IFSCA funds will be more attractive for debt than equity investments because of the tax arbitrage. Dividend payments for equity investments are taxed at 10% for all non-residents -- whether from a treaty or non-treaty jurisdiction. It's the tax arbitrage for debt investments that will spark interest of non-resident investors, he explained.
If an Indian company pays interest to non-resident investors, it’s a 40% withholding. In treaties, it reduces to 15% for Singapore and the U.S., 7.5% for Mauritius, 10% for the Netherlands, etc. For a GIFT City fund, it’s 10%. If substance requirements are relaxed as IFSCA finalises its framework, GIFT City could become a preferred choice for funds looking to invest in onshore debt.Ruchir Sinha, Managing Partner, Resolut Partners
The draft proposals have retained the requirement to procure an FPI registration from SEBI to set up an AIF.

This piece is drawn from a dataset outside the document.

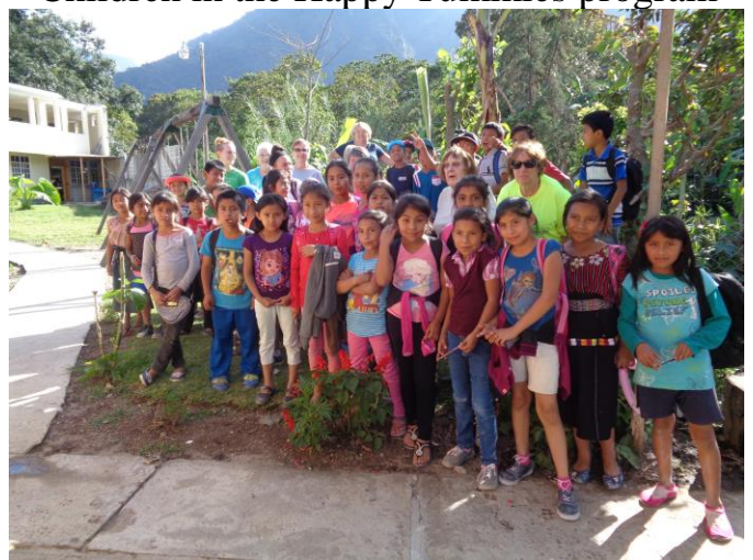
Children in the Happy Tummies program

If this is done away with, there may be significantly high investor interest from private debt players to set base in GIFT city to invest in high yield Indian debt, Sinha pointed out.
In conclusion, largely the proposals are well-aligned to what we see in the global market, Shah said.
What domestic managers are also awaiting is finalisation of draft overseas direct investment regulations by the Reserve Bank of India.
Today, if I want to set up a subsidiary or a branch in GIFT City as an Indian manager, RBI approval is required, which has not been very forthcoming. There’s a proposal to put it under a unified single window clearance by IFSCA.Siddharth Shah, Senior Partner, Khaitan & Co.
Once that comes in, there’s likely to be much more activity. The expectation is with this effort by IFSCA, the ecosystem of trustees, custodians, valuers, administrators will follow.